When you transcribe the listing that follows, keep every line exact and omit the pictures.

▶ _GIVEN MATERIAL_:
□ □ □ □ □

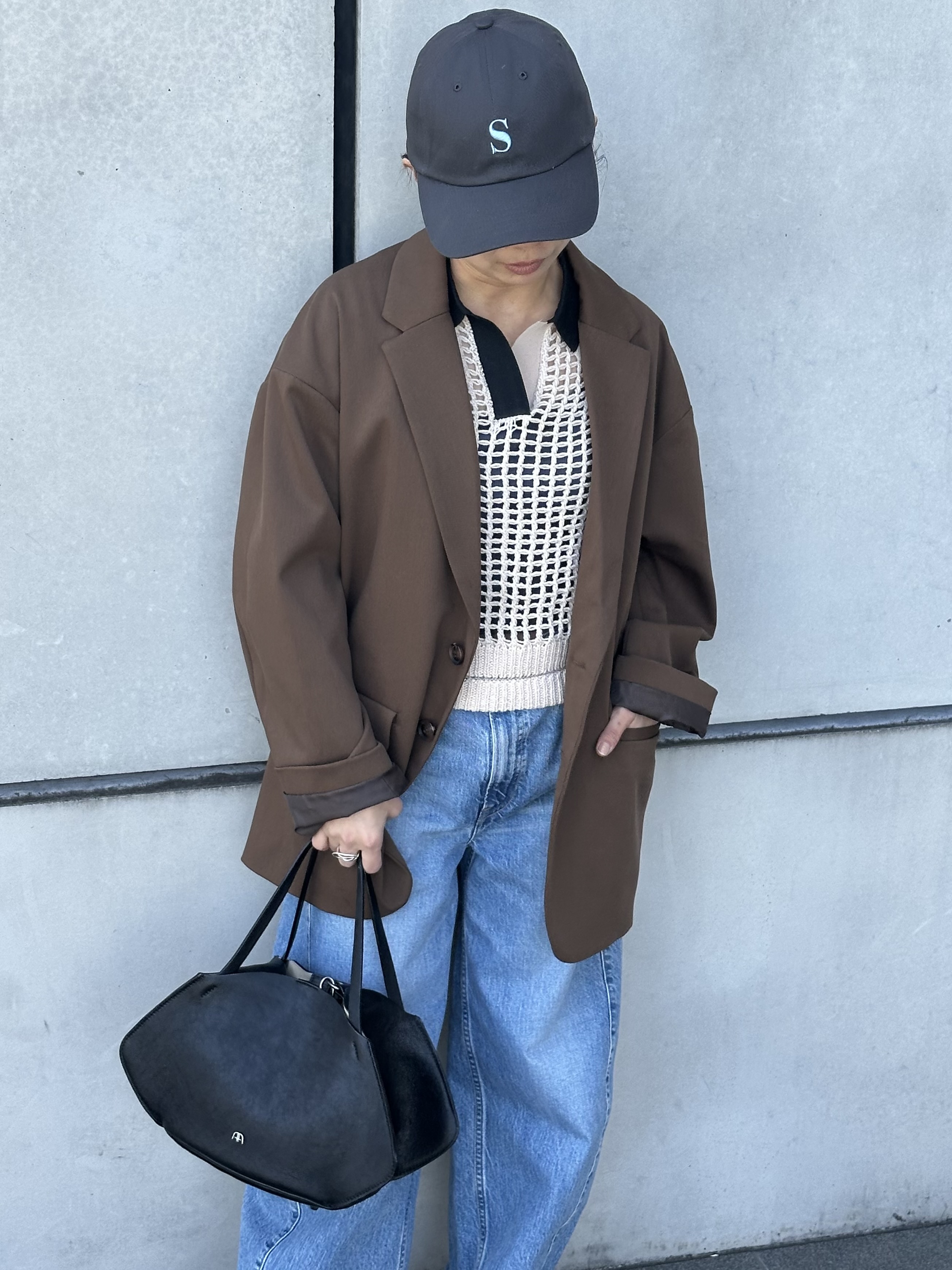 デニムスタイルにさらっと合わせるだけでも、ぐっと大人っぽい印象に。
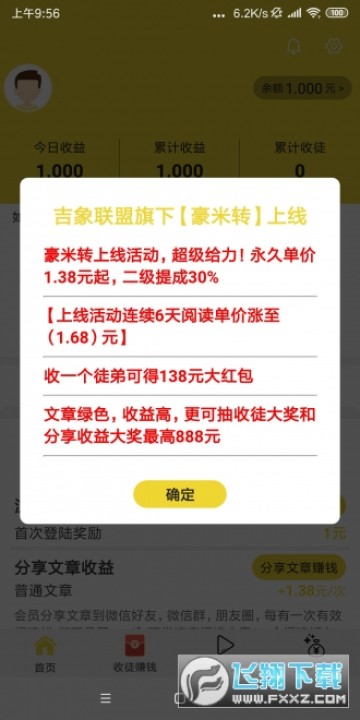 1、新用户下载注册豪米转app即送1元现金,永久转发单价1.38元起,新上线单价提升至1.68元/阅读
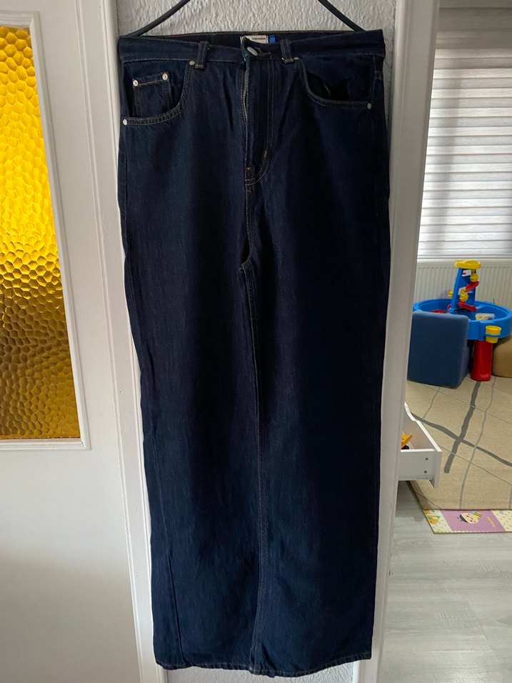 Lacivert midi boy, bol kesim kot pantolon. Sade tasarımıyla rahat ve şık günlük kullanım için uygun.

□ □ □ □ □

▶ _OUTPUT OF THE EXERCISE_:
 デニムスタイルにさらっと合わせるだけでも、ぐっと大人っぽい印象に。
 1、新用户下载注册豪米转app即送1元现金,永久转发单价1.38元起,新上线单价提升至1.68元/阅读
 Lacivert midi boy, bol kesim kot pantolon. Sade tasarımıyla rahat ve şık günlük kullanım için uygun.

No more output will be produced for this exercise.